» Your task:
Look through the listing below and write out exactly the lines from the line with "用在浴室两个墙面之间,通过S型挂钩收纳清洁工具。" to the line with "ロス・ジガンテスの入り江をクルーズしながらイルカやクジラを探す", both included, and no others.

» Material to process:
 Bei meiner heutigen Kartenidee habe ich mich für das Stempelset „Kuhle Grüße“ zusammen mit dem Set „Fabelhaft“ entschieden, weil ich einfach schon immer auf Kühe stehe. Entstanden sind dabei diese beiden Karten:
--
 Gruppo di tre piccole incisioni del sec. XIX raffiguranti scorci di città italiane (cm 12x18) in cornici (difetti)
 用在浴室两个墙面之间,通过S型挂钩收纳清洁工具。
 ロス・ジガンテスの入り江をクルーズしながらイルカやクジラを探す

» Task result:
 用在浴室两个墙面之间,通过S型挂钩收纳清洁工具。
 ロス・ジガンテスの入り江をクルーズしながらイルカやクジラを探す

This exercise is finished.